В безветренном и безоблачном небе нехотя вставало холодное солнце. Снег на развалинах алел, и только неподалёку, где торчали угловатой горой обломки упавшего ночью F-16, он чернел гарью.
С отвращением окинув взглядом всё вокруг, генерал Эмери сделал шаг к своему "хаммеру".
Последний шаг в своей жизни.
Пуля, прилетевшая из развалин, ударила американца между глаз.
Раньше, чем он упал на снег, охрана залегла и открыла ураганный огонь во все стороны. Не меньше минуты не смолкала стрельба - и только когда стихла, стало слышно, как в снегу шипят гильзы и тяжело дышат люди.
Капитан, начальник охраны, приподнявшись на локтях, огляделся. Облизнул губы. Посмотрел на убитого генерала. Снова на развалины.
И не отдал приказа идти на поиск.
Боже лежал неподвижно. Он видел, как упал Эмери, но его это не волновало сейчас. Он вытер затвор трофейного "паркера" рукавицей. Потом приложил ко лбу горсть снега - и тот сразу начал таять, хотя сперва обжёг руку.
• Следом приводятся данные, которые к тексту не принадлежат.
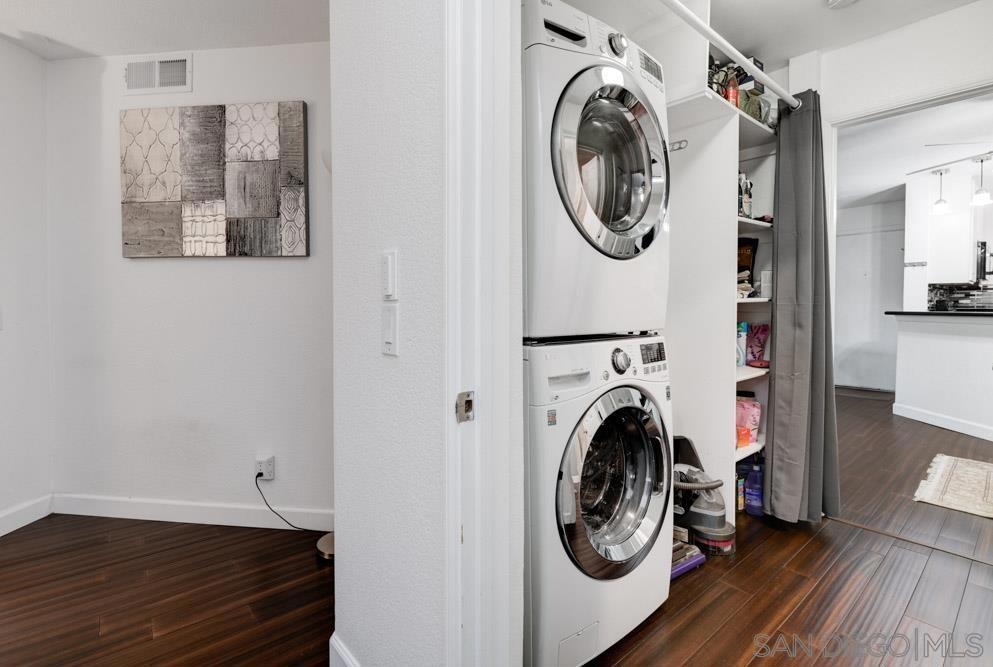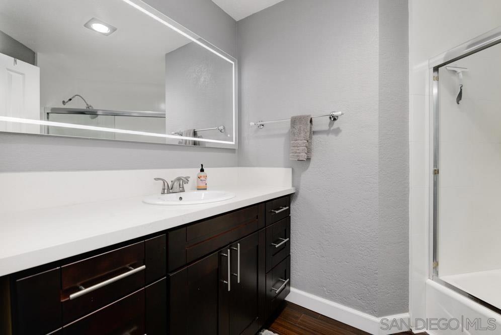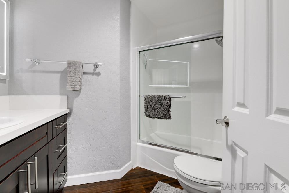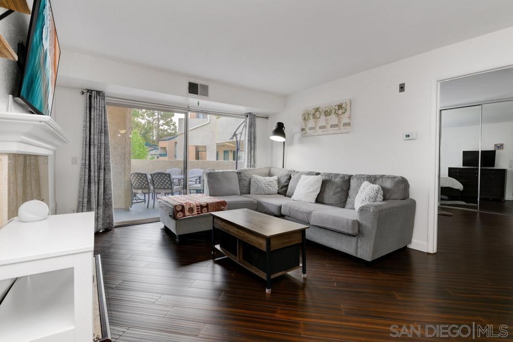 It's Here.. Rare sunny south facing and upgraded 2x2 condo with one of the largest patios in this Mira Mesa community! You will love that this home is packed with tremendous value including an in home washer/dryer, two car garage w/ storage, living room fireplace, dual access to the oversized patio for entertaining your guests and much more. Additional features include a spacious split bedroom and bathroom floor plan with updated quartz countertops and vanities, beautiful hardwood style flooring throughout, an open concept fully equipped kitchen and separate dining area. Enjoy the lush park like community amenities including the pool and spa area, BBQ grilling and dog park. Prime location that neighbors Scripps Ranch, Sorrento Valley, Rancho Penasquitos, Miramar College, Miramar Marine Corp Station plus the convenience of restaurants, shopping and entertainment. Don't miss this opportunity this weekend!

Руки ещё чувствовали. Руки он берёг.
Боже оглянулся на свои ноги. Медленная кривая улыбка поползла по его губам.
Раненые, потом отмороженные, поражённые гангреной уже под колено, они казались чужими и почти не беспокоили парня. Вот только этот жар… Боже осознавал, что рано или поздно он потеряет сознание - с ним это уже случалось несколько раз - только это будет навсегда.
Ну что ж.
Если о чём он и жалел - так это о том, что не смог отбить тогда - во время бешеной облавы, когда НАТОвцы убивали уже всех подряд, кого находили - ребят. И ещё - что не знал, уцелел ли Серёжка Ларионов.
С тех пор уже восемь дней он полз по эти развалинам. И стрелял, едва представлялась возможность - стрелял прицельно и беспощадно, наводя ужас на и без того доведённых до отчаянья оккупантов, не осмеливавшихся больше прочёсывать развалины в поисках страшных призраков.
Он видел, как расстреливали взбунтовавшихся египтян. Видел, как отряды наёмников, выйдя из подчинения командования, перебили ООНовских "контролёров", пошли на прорыв - цепочки отчаявшихся людей на бело-чёрных развалинах, очереди русских пулемётов, красное на снегу…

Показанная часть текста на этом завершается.